▶ Exercise aim
Since the listing below shows pictures, leave them out and write out exactly the lines from the line with "Соль для ванн" to the line with "Benetton ženske minđuše", both included, and no others.

▶ Data extracts
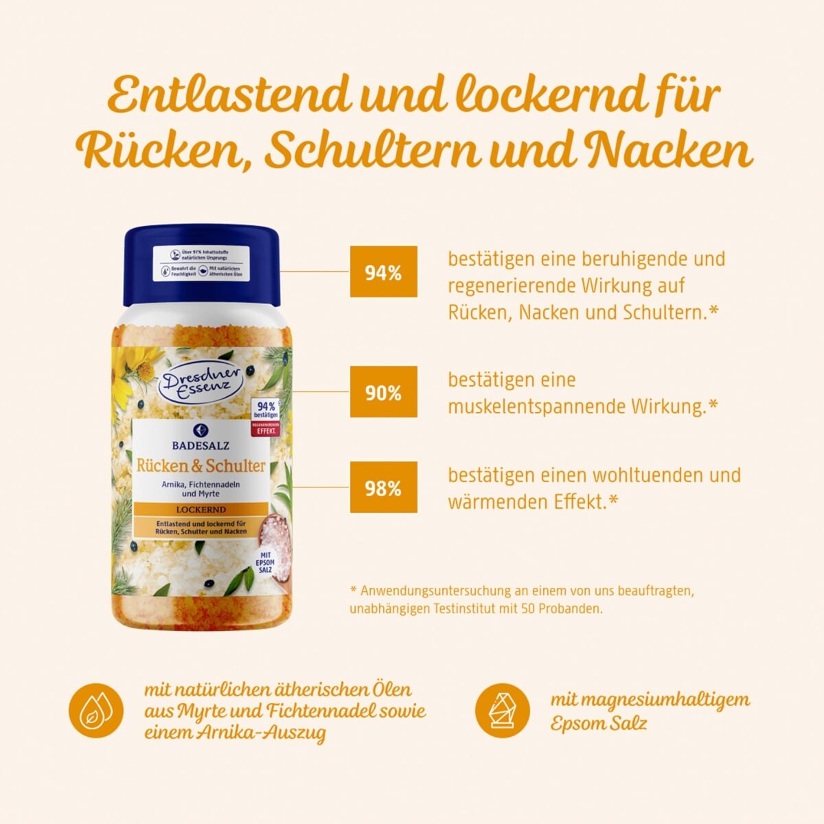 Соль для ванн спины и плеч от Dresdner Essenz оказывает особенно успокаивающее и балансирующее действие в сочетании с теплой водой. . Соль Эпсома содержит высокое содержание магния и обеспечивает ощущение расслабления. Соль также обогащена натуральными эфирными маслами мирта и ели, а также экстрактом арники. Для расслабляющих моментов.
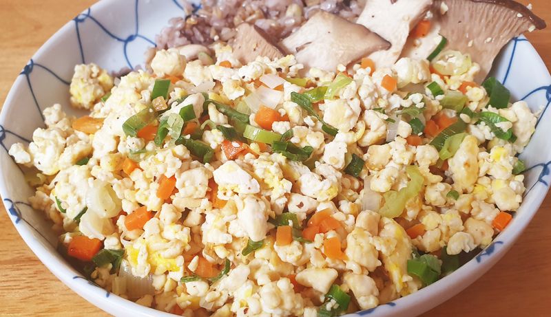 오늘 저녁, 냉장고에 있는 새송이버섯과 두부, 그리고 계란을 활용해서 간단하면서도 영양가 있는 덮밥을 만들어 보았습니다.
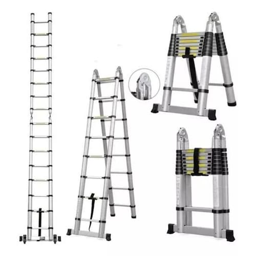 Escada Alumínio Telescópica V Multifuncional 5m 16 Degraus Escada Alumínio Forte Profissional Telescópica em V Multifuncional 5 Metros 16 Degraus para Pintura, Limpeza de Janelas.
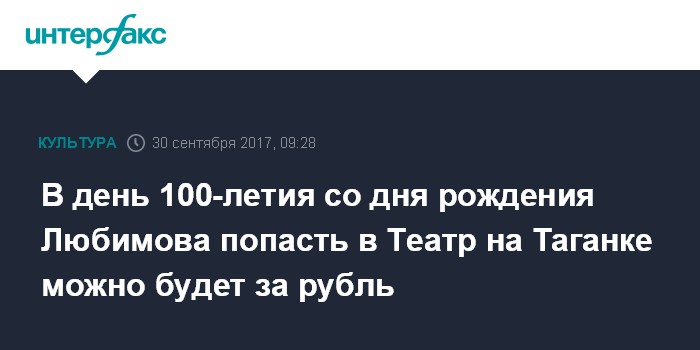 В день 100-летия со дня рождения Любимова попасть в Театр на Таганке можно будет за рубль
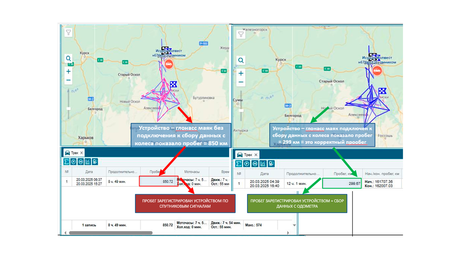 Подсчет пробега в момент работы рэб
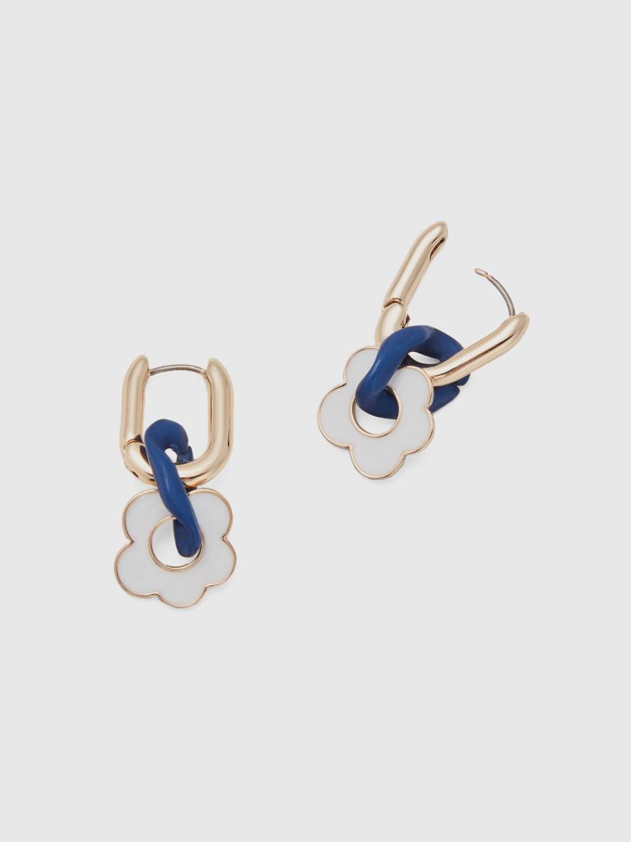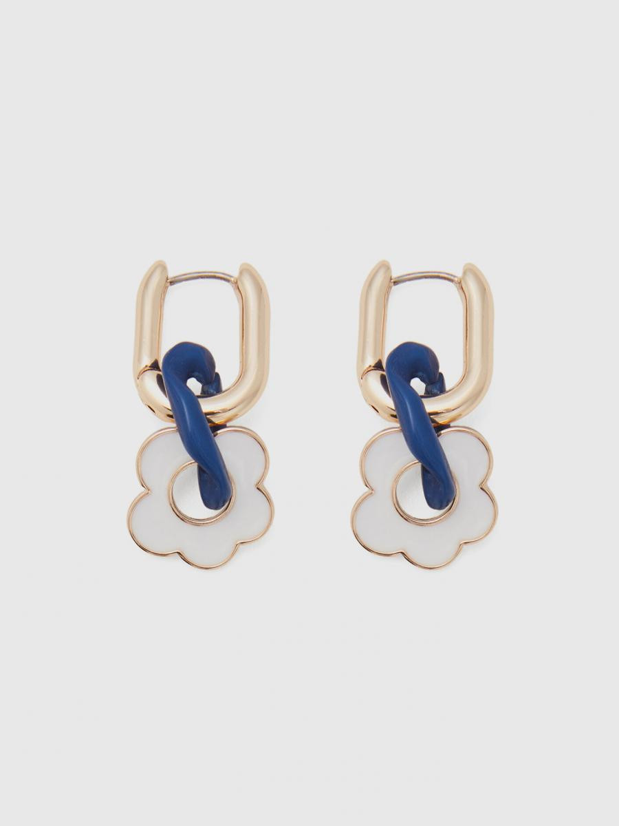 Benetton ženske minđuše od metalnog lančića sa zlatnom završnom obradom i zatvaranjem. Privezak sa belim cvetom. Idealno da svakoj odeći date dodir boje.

...

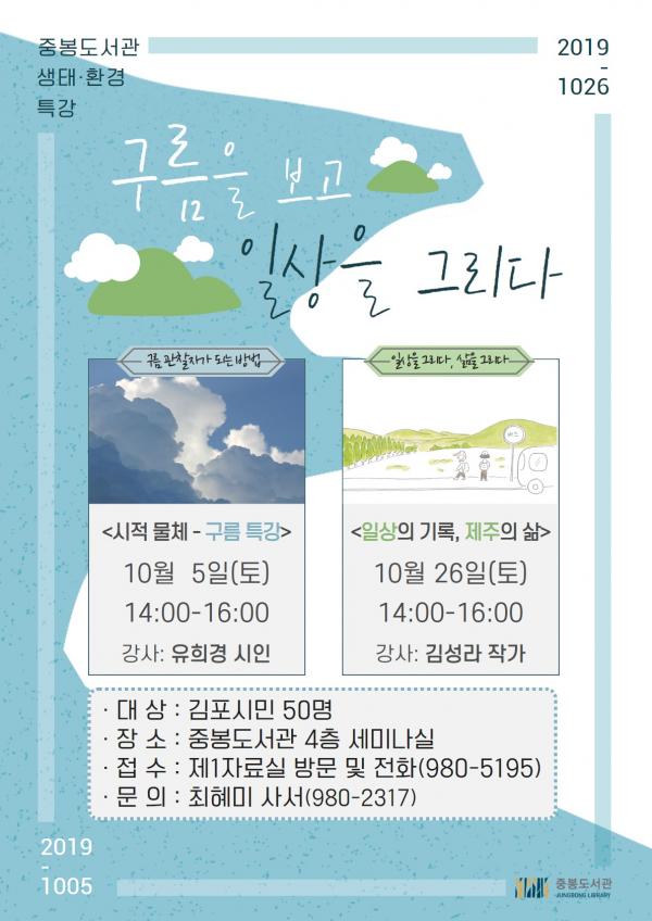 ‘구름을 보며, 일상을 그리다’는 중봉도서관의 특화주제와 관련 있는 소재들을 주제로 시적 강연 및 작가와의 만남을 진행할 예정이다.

* * *

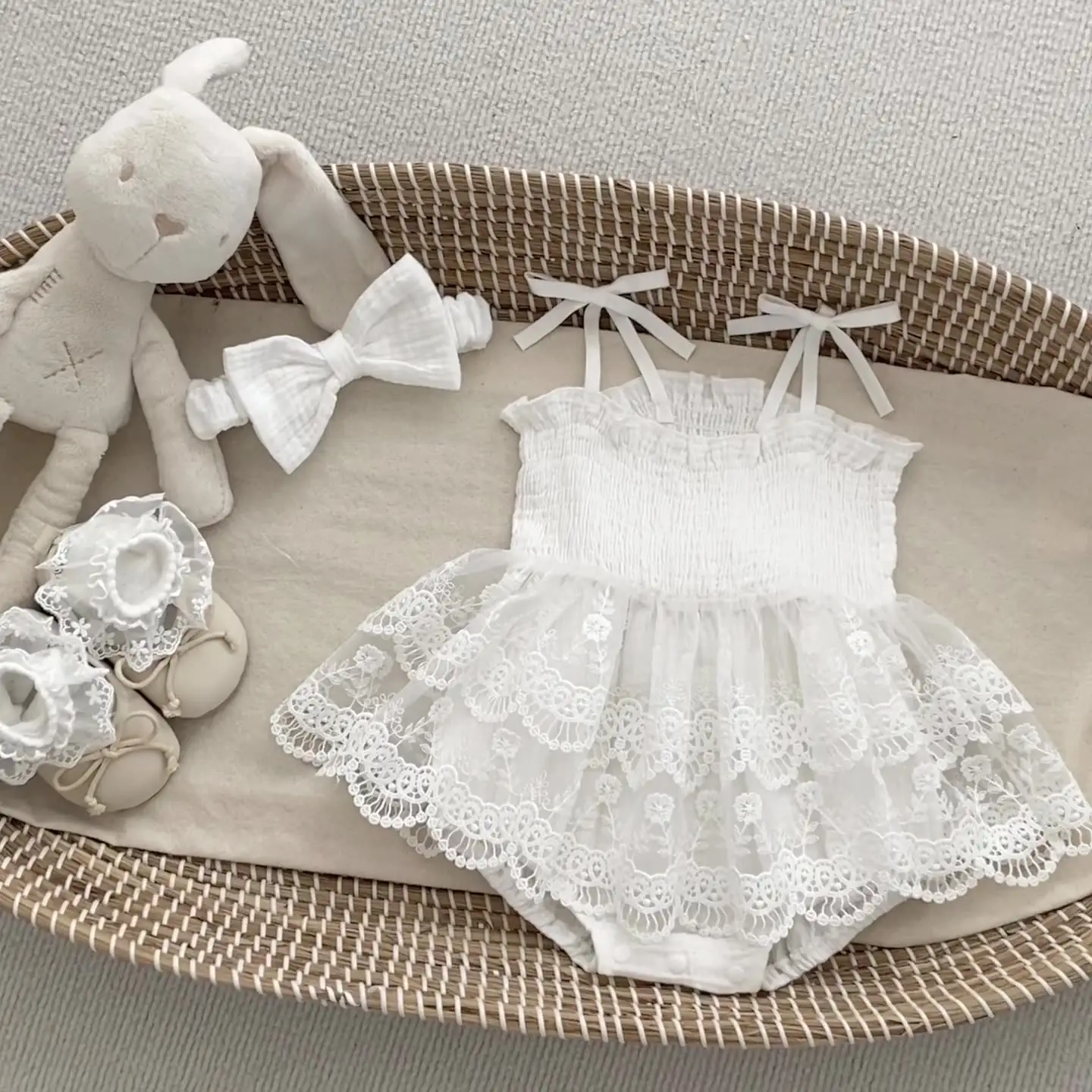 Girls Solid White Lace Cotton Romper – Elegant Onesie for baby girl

▶ Result of the exercise
 Соль для ванн спины и плеч от Dresdner Essenz оказывает особенно успокаивающее и балансирующее действие в сочетании с теплой водой. . Соль Эпсома содержит высокое содержание магния и обеспечивает ощущение расслабления. Соль также обогащена натуральными эфирными маслами мирта и ели, а также экстрактом арники. Для расслабляющих моментов.
 오늘 저녁, 냉장고에 있는 새송이버섯과 두부, 그리고 계란을 활용해서 간단하면서도 영양가 있는 덮밥을 만들어 보았습니다.
 Escada Alumínio Telescópica V Multifuncional 5m 16 Degraus Escada Alumínio Forte Profissional Telescópica em V Multifuncional 5 Metros 16 Degraus para Pintura, Limpeza de Janelas.
 В день 100-летия со дня рождения Любимова попасть в Театр на Таганке можно будет за рубль
 Подсчет пробега в момент работы рэб
 Benetton ženske minđuše od metalnog lančića sa zlatnom završnom obradom i zatvaranjem. Privezak sa belim cvetom. Idealno da svakoj odeći date dodir boje.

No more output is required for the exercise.